MySQL 8.0 became Generally Available (GA) on April 19th, a great moment for us working on MySQL at Oracle. It is now a “fully grown adult” packed with new features, and improvements to existing features, as described here.

This blog post focuses on the impact of replication performance improvements that went into MySQL 8.0. This is another long post, but I hope some people will enjoy the details.

1. What is new in MySQL 8.0 replication performance?

MySQL 8.0 introduced many features related to replication, and quite a few of them are performance or monitoring improvements, as the following list shows.

We have posted blogs about the these features while they were being developed, please be sure to check the posts at mysqlhighavailability.com for more information.
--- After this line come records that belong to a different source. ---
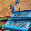 溜槽淘金是利用金与沙子比重的差别进行分选的一款矿物重选设备,其工作原理是:矿浆流经溜槽,比重大的金沉淀于底层,沙子等比重小的浮于_上层随水流排出工作区。 原先的固定式溜槽是用淘金毡提金,由于溜槽板结、淤槽等现象,淘金毡提金的净选率较低这些缺点,鼓动式溜槽有针对性的进行了克服--它的底板用橡胶板制成,利用机械鼓动底板,使底板缓慢鼓动,克服泥沙板结,周期性鼓动,完成分层和排沙,从而使得净选率提高。 经过多年的改进和对比试验,鼓动式淘金溜槽以其结构简单、工作可靠、净选率高等优点,近年来和淘金水套离心机等成为淘金机械中的主流之选。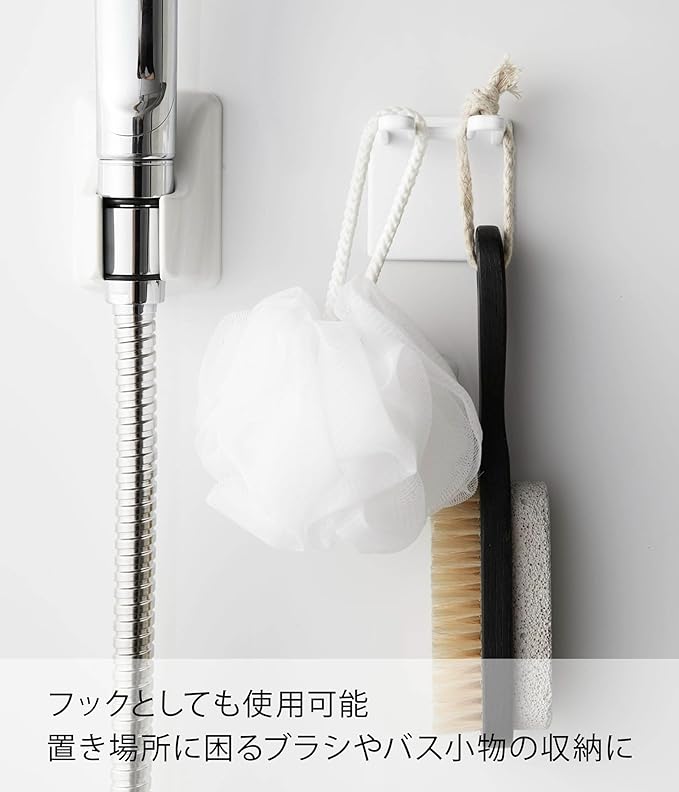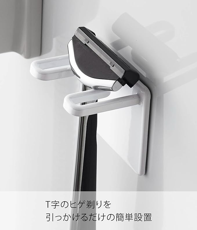 マグネットが付く浴室壁面に簡単取り付けのヒゲ剃りホルダー。T字のヒゲ剃りを引っかけるだけ。置き場所に困るブラシやバス小物の収納に。
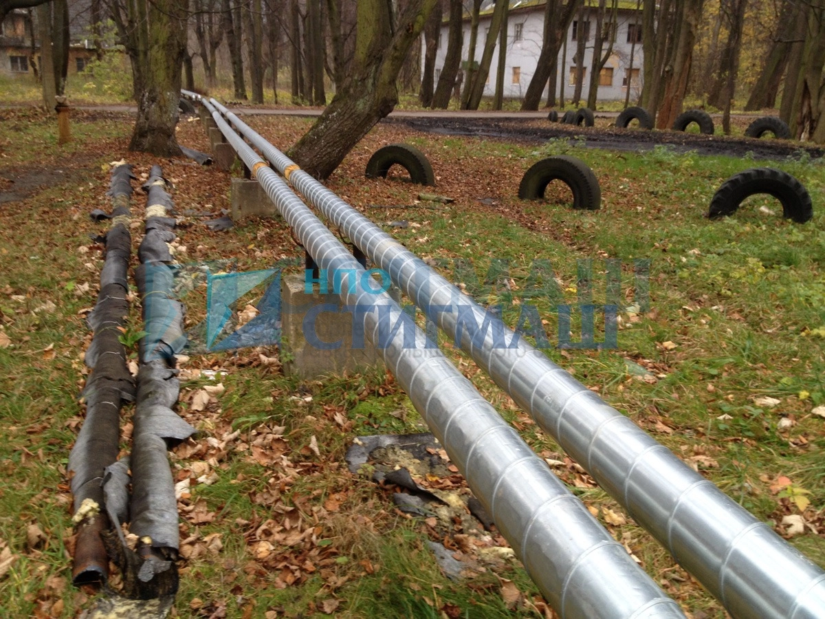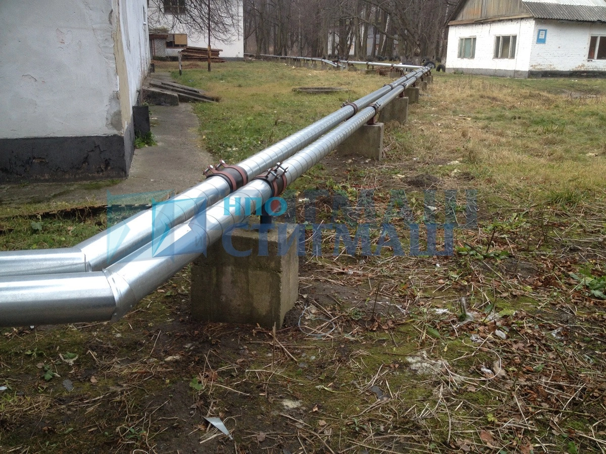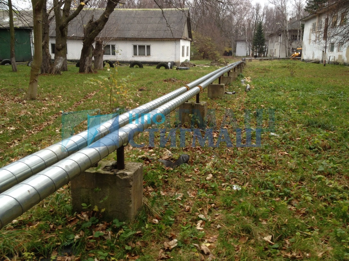 Для прокладки нового трубопровода были использованы имеющиеся железобетонные опоры с закладными деталями, к которым были приварены новые крепёжные кронштейны с хомутами.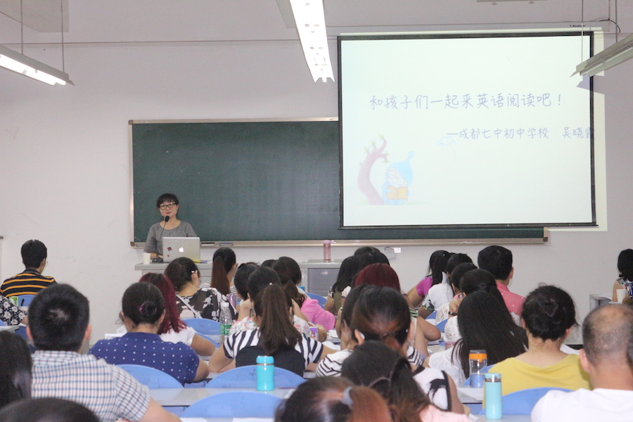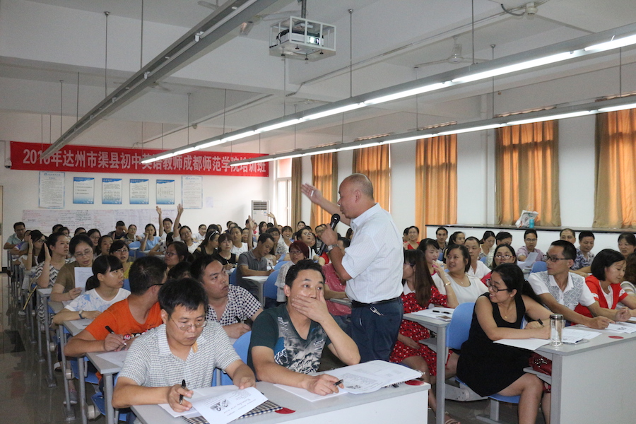 燃情七月、骄阳似火。2016年7月7日、7月11日、7月12日,我校英语组的王翔宇、孙泽福、吴晓霞三位优秀老师分别受邀前往成都师范学院,给在此参加进修学习的“2016年达州市渠县初中英语教师成都师范学院研修班”的学员们上示范课和做专题讲座。王翔宇老师给学员们上了一堂生动有趣、深入浅出的“人教版(新目标)九年级英语话题复习”示范课和做了一场题为《基于未来学校背景下的中考英语复习阶段课程教学标准》的专题讲座。吴晓霞老师上了一堂别开生面、富有创新精神的“人教版(新目标)八年级上册Unit 5 《Do you want to watch a game show?》Section B 2b”的示范课和做了一场题为《和孩子们一起爱上英语阅读!》的专题讲座。孙泽福老师上了一堂技术与教学深度融合的“人教版(新目标)七年级下册:Unit 10”的示范课和一场题为《七年级英语三种课型(听说课+语法课+阅读)的探索和思考》的专题讲座。他们的示范课和专题讲座均获得全体学员、达州市渠县教育局领导和成都师范学院领导的一致赞赏和高度评价,成都师范学院领导当即表示希望成都七中初中学校能继续派老师参与他们的教师研修培训活动,达州市渠县教育局的领导也向王翔宇老师发出到渠县“送教下乡”的邀请。

2. Impact of the Performance Improvements

The next sections present the performance impact of some of the improvements in MySQL 8.0 compared to MySQL 5.7. The tests were performance with the Sysbench benchmarks in the same setup as presented in this post, please check the details there.

2.1 Higher replication throughput at low-concurrency

When replicating workloads with a small number of sessions on the master, or on systems with very fast storage, the slave applier may be unable to catch up with the master due to insufficient parallelism on the replication stream. The reason for this is that the master tags two transactions as independent if they hold simultaneously all their locks, and that becomes less effective if there only a few transactions in transit or if the group commit size is small.

With MySQL 8.0 a new mechanism was introduced to track independent transactions, one which uses the WRITESET of each transaction to infer which transactions can be executed in parallel in the slave. Tracking dependencies this way no longer depends on any particular execution order on the master, and can even execute in parallel single-threaded workloads. More information is available in Improving the Parallel Applier with Writeset-based Dependency Tracking.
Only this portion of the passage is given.